Personne… enfin presque. Le tome 3 de Croisade vient de sortir, as-tu déjà attaqué le 4ème opus ?

Attaqué et emballé ! Je viens de terminer le tome 4 qui finalise cette histoire, prévu pour fin novembre. Mais un second cycle devrait voir le jour l’année prochaine.

 

Un petit tuyau sur la suite des aventures de Gauthier de Flandres ?

Sa barbe pousse, ses cheveux sont plus longs … il va tranquille- ment prendre du recul et disparaître derrière une dune.

 

Qu’est-ce que tu as fait pour fêter ta récompense pour Croisade (tome 1) au dernier festival d’Auderghem ?

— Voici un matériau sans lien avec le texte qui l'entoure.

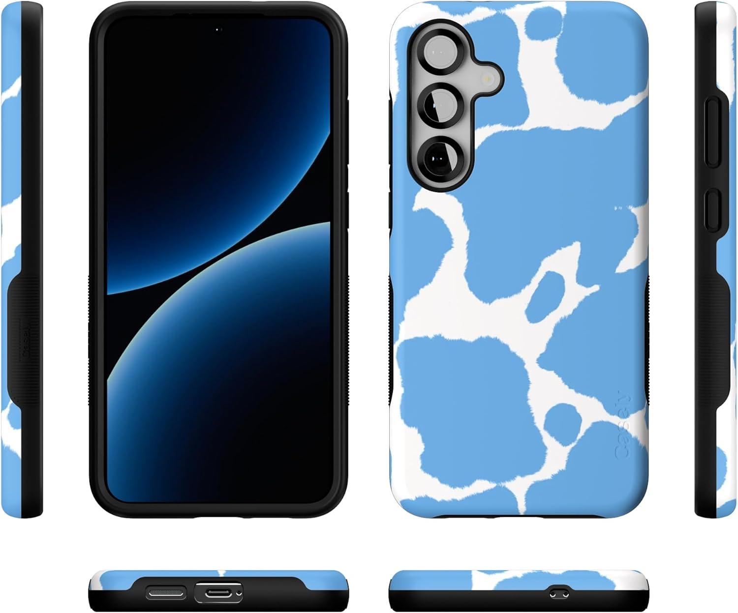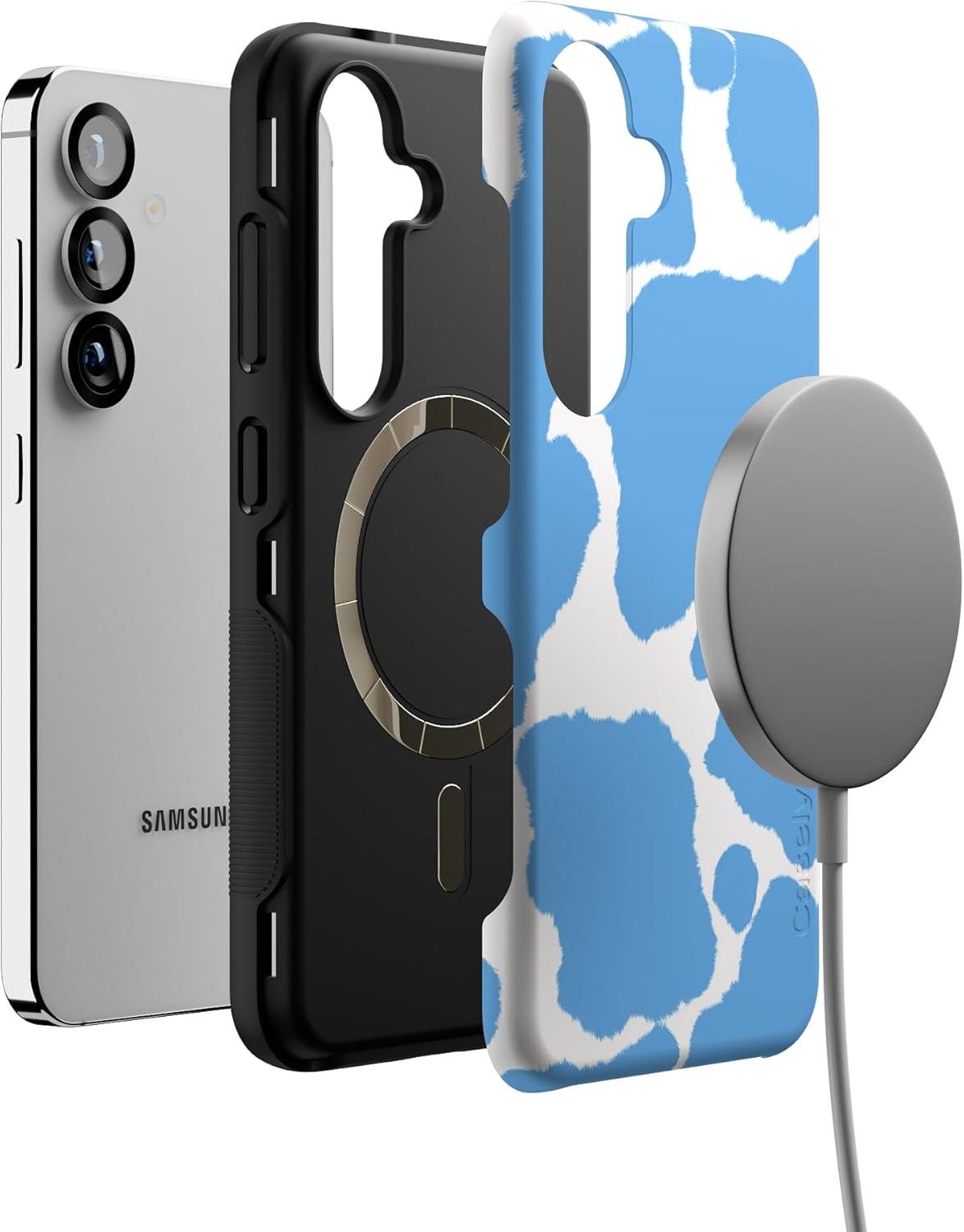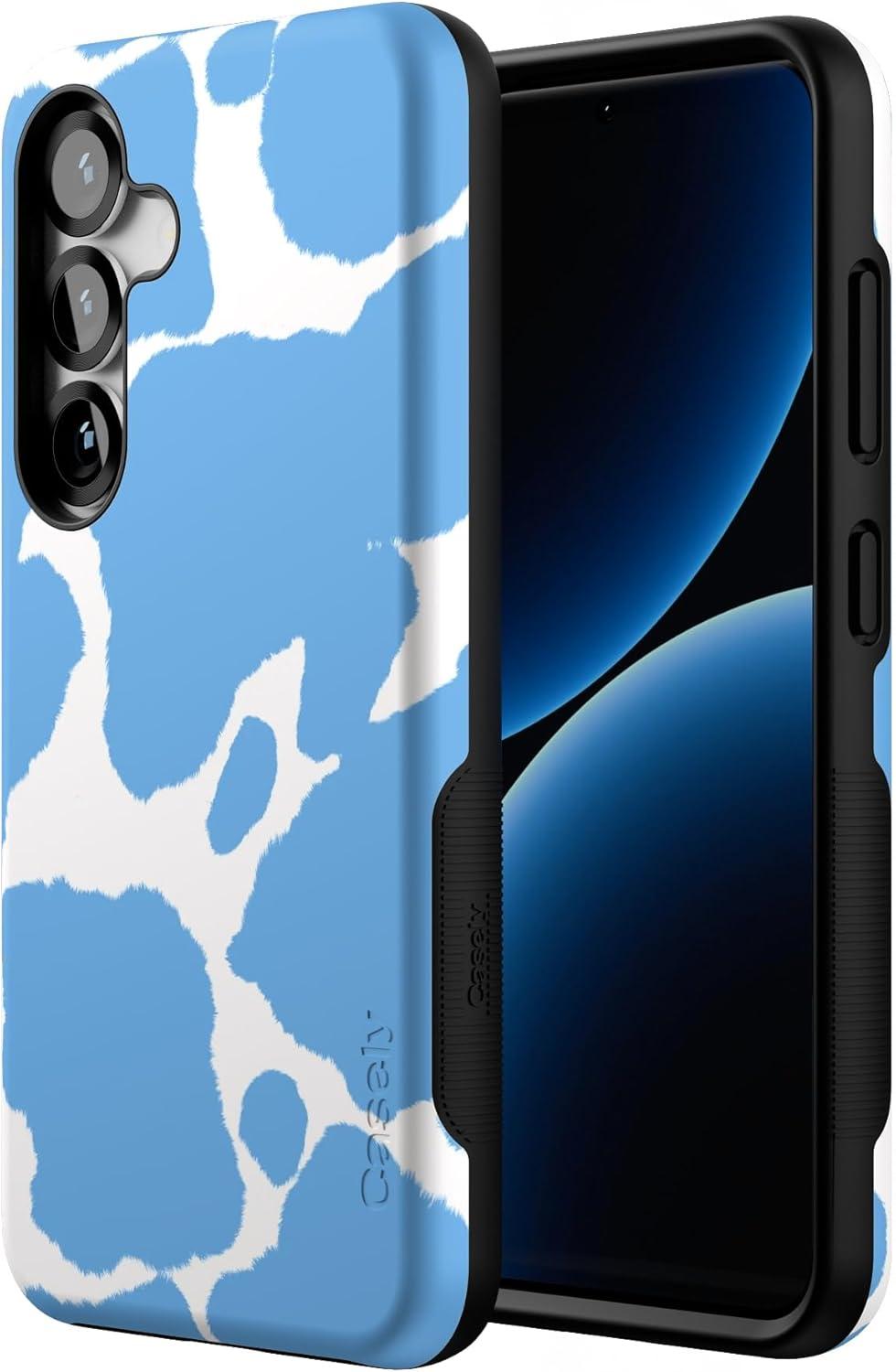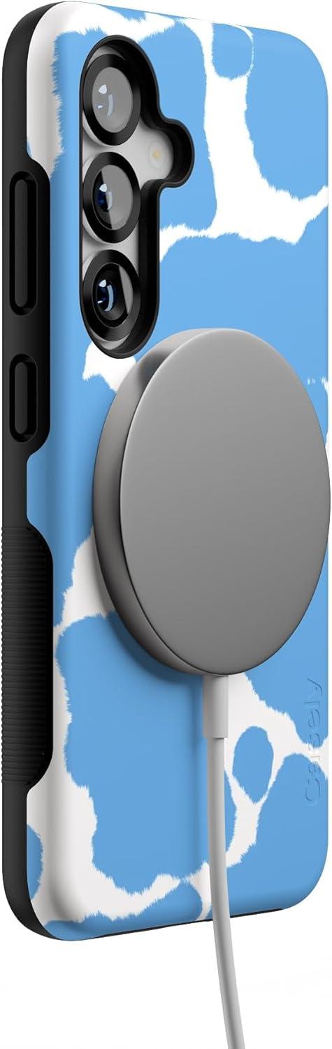 Casely Galaxy S25 Case | Oasis | Pura Vida Floral | Compatible with MagSafe | Bold Protective Design(Current MOOd | Light Blue Cow Print)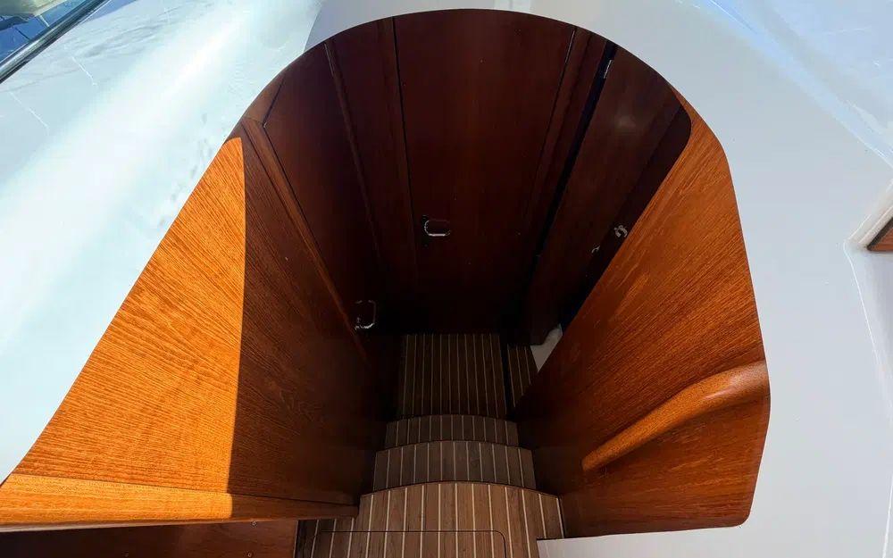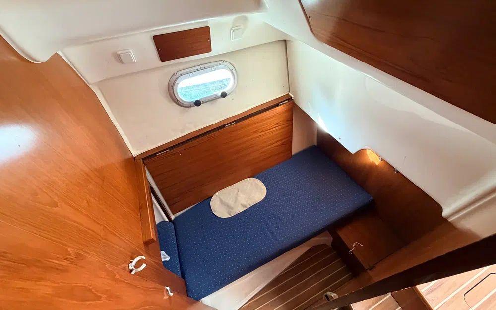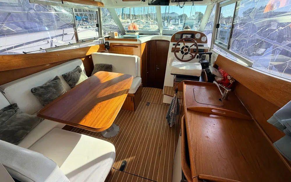 Aménagements intérieurs propres et bien conservés.Timonerie lumineuse avec excellente visibilité et poste de pilotage ergonomique.Cabine offrant des couchages confortables et des rangements adaptés à la croisière côtière.Boiseries, selleries et équipements intérieurs en bon état d’usage.
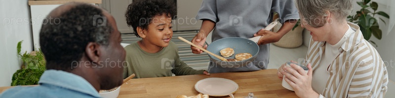 Семья наслаждается качественным временем во время завтрака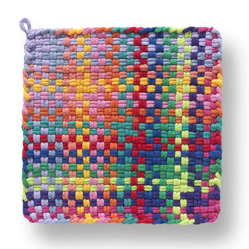 Our sturdy Potholders are made with high quality cotton. All materials are made in USA. Each one is handcrafted in Mexico and inspected for quality. Our Potholders are available in a variety of patterns in assorted Bright, Pastel and Earth-tone colors.
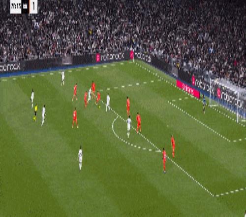 43' 维尼修斯连续变向,小角度打门被挡出底线。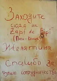 The interactive work "Zapf de Pipi" by the Austrian art group Gelitin turned out to be the most radical. The object was a wooden toilet stall protruding from the window onto the street, into the courtyard of the museum, where there were severe February frosts. Anyone could walk into the booth and urinate. In the courtyard, a stalactite of a characteristic yellow color hung down, which was the final piece of art. The artists dedicated their brainchild to Marcel Duchamp, who exhibited a urinal as an art object, and Joseph Beuys, who declared that everyone is an artist.[23] Later it was reported that the "stalactite" was prepared by the artists themselves, a few days before the opening of the exhibition, pouring lightly brewed tea on a specially fixed wooden pin.[27]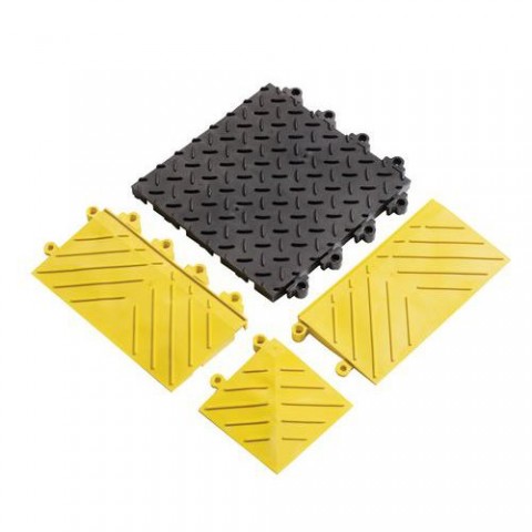 Protiúnavové průmyslové rohože pro suché prostředí se skládají z dlaždic, jejichž spojením lze přizpůsobit velikost rohože rozměrům prostoru. Rohože jsou vhodné i do těžkých provozů, kde je kladen důraz na vysokou odolnost a nosnost. Navíc lze dokoupit zkosené náběhové hrany a rohy.Protiúnavové průmyslové rohože s diamantovým povrchem, 30 x 30 cm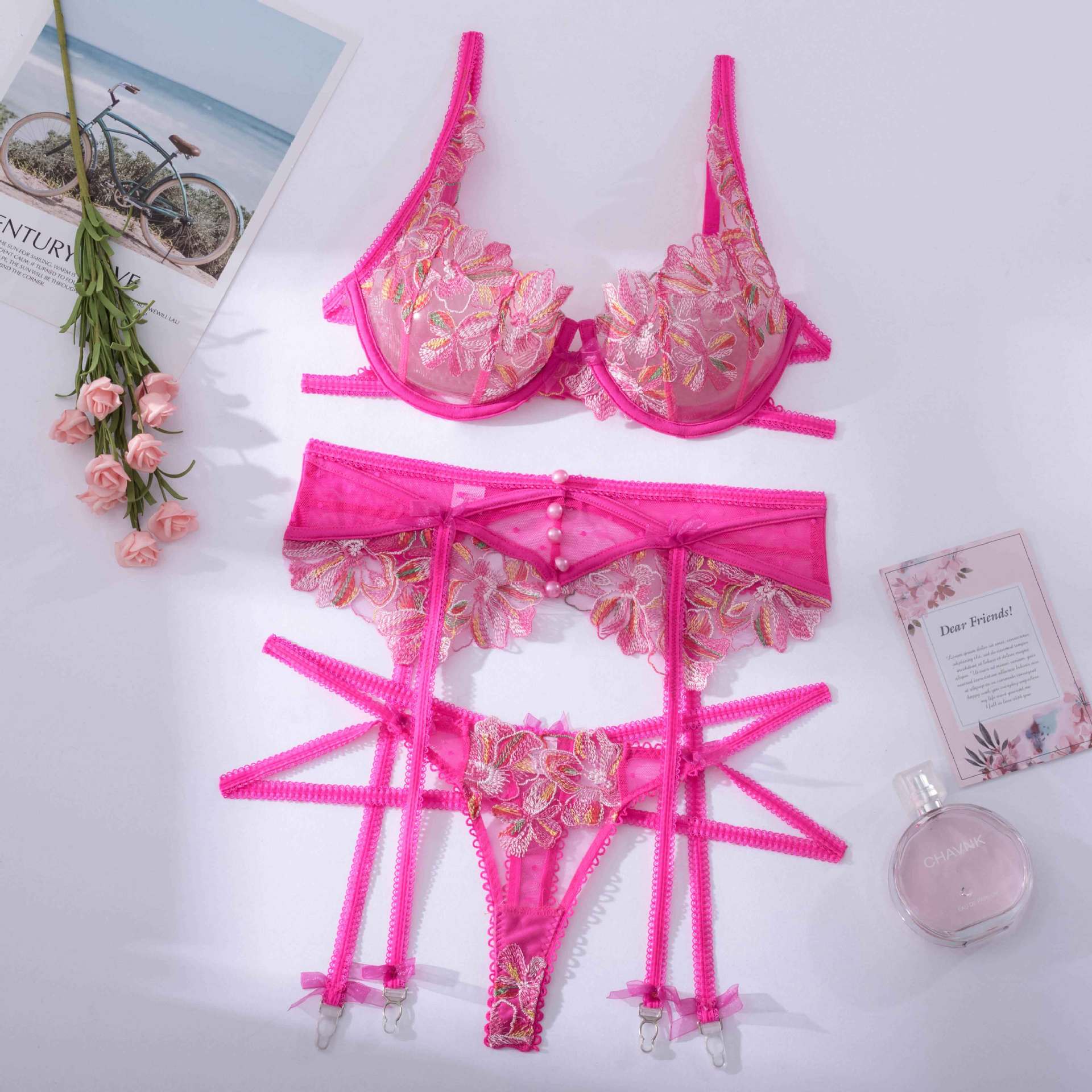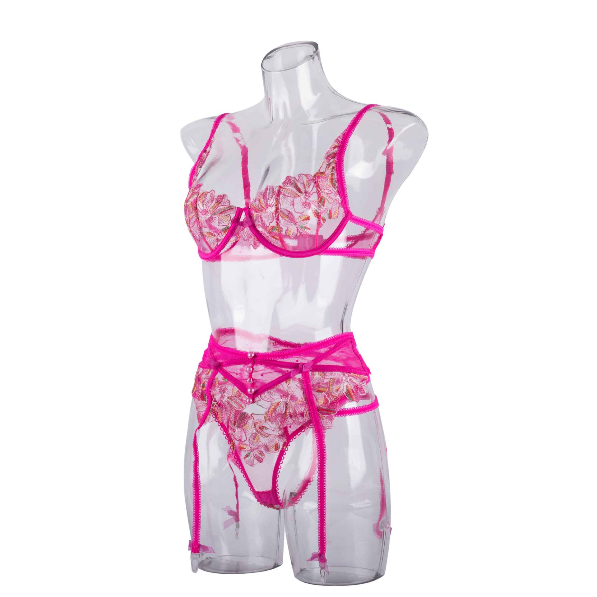 Lingerie Outfits | Hot Pink Floral Lingerie Outfit 3-piece Set
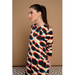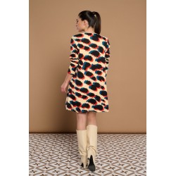 Mattea Dress Minueto. Vestido corto estampado, con base en color crema. De cuello redondo y escote en lágrima con botón. Dispone de bolsillos laterales.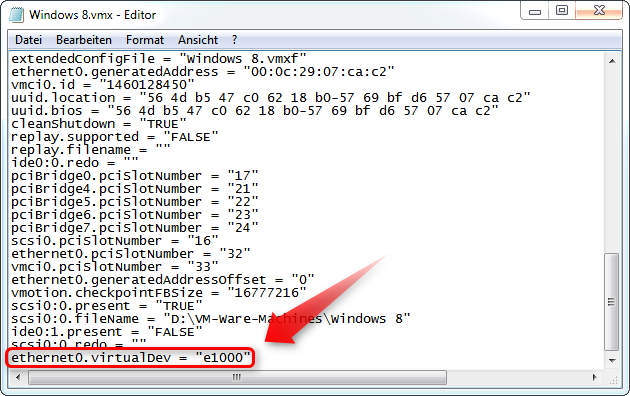 In diesem Ordner liegt eine *.vmx datei, welche Ihr mit dem Texteditor öffnen müsst. In dieser Datei findet ihr die Einstellungen für die VM mit den Netzwerkproblemen.

J ai couché avec une autre personne.

 

Il paraît que l’idée de Croisade vient de toi ?

L’idée de base vient effectivement de moi car j’avais envie de dessiner cet univers. Lors de ma rencontre avec Jean Dufaux en 2006, nous avons réalisé que nous étions sur la même longueur d’ondes : nos influences cinématographiques et artistiques communes ont fait de Croisade une évidence.

Comment s’est passée ta collaboration avec un grand scénariste comme Jean Dufaux ?

Une vingtaine de kilomètres nous séparent, ce qui rend nos rencontres très fréquentes. Jean me donne une dizaine de planches à la fois, je les crayonne et ensuite, nous nous retrouvons autour d’une bonne table.

 

Pourquoi ces impressionnantes scènes en format panoramique sur 4 pages dépliantes dans Croisade?

Juste l’envie d’« exploser » graphiquement, de sortir du format BD classique. C’est également une sorte de clin d’œil à des grands réalisateurs comme Sergio Leone ou Stanley Kubrick qui mettaient en avant ce genre de cadrage. Mais ce « dépliant » n’est pas là juste pour faire joli. Il sert l’histoire et représente un moment fort de chaque album. Il est devenu notre marque de fabrique.

 

En combien de temps et comment on réalise une BD?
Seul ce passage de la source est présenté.